Przemysław CzarnekZłożył pozew ws. podręcznika do HiT. "Presja ma sens"
Źródło zdjęć: © PAP | Wojtek Jargiło
Sara Bounaoui
oprac.  Sara Bounaoui

Od września tego roku w szkołach pojawił się nowy przedmiot: historia i teraźniejszość. Do niedawna jednym dopuszczonym przez MEiN podręcznikiem był ten autorstwa prof. Wojciecha Roszkowskiego. Książka wzbudziła wiele kontrowersji jeszcze przed pierwszym dzwonkiem.

Szczególnie głośno dyskutowanym fragmentem był ten, w którym profesor - pisząc o postępach medycyny - miał opisać swój stosunek do in vitro. Autor używa określeń "laboratorium" czy "hodowla", jednak jak twierdzi, wcale nie miał na myśli tej procedury.
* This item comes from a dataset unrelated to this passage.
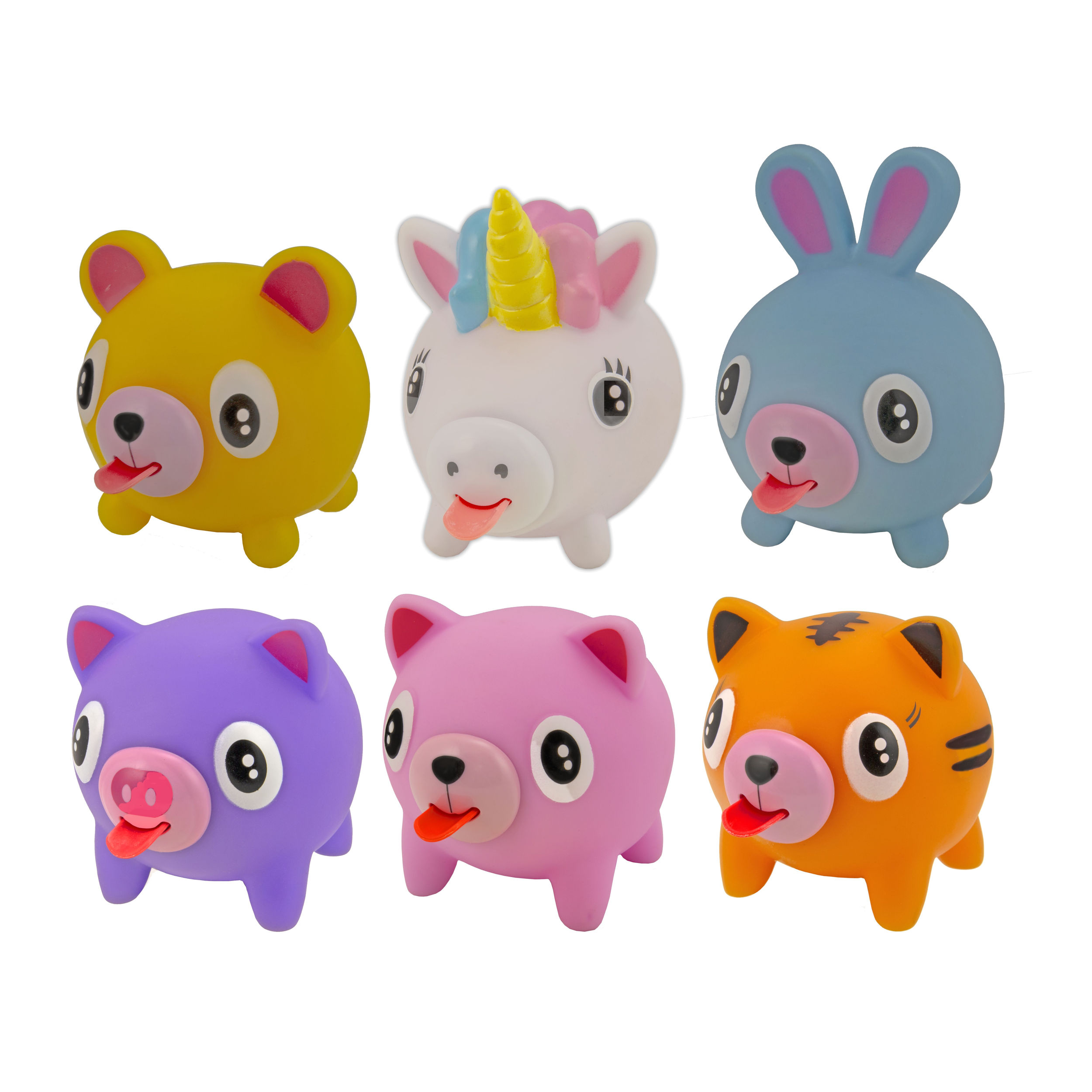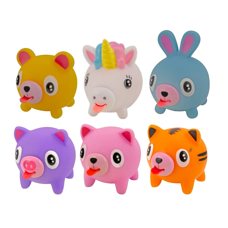 HIGH-QUALITY MATERIAL: ENVIRONMENTALLY FRIENDLY PVC material is used, the material is smooth, and the hand feels comfortable Shatter-resistant. Many Styles and Colors Long-eared Rabbit, Pink Pig, Purple Pig, Unicorn, Yellow Bear, Tiger,4x4x4 Inch; These cutesy critter fidget squeeze toys are perfect a perfect gift for kids, teens, and even adults! Just the slightest squeeze will send this ticklish giggler squeaking and keep you smiling all day long as it sticks its cute little red tongue out and squeals with joy.; WHEN SQUEEZING, THE ANIMAL WILL MAKE A "BB" & SPIT OUT A SMALL TONGUE to attract children's attention. If you release it without squeezing, the tongue will shrink again go in.

- Dostaję w skórę za coś, czego nie zrobiłem. W całym podręczniku nie ma ani słowa o in vitro. Jest tam opis ogromnego zagrożenia cywilizacji w postaci eksperymentów medycznych na embrionach - tłumaczył na antenie radiowej Jedynki prof. Roszkowski.

"Pierwsze wydanie książki musi zniknąć z dystrybucji"

Właśnie w związku z powyższym fragmentem jeden z rodziców zdecydował się pozwać zarówno prof. Roszkowskiego, jak i ministra Przemysława Czarnka. Kamil Mieszczankowski, by zebrać pieniądze na adwokata, założył 12 sierpnia zbiórkę na zrzutka.pl. To, co wydarzyło się później, przerosło oczekiwania mężczyzny. "W 6 godzin udało się uzbierać niezbędną kwotę" - pisał.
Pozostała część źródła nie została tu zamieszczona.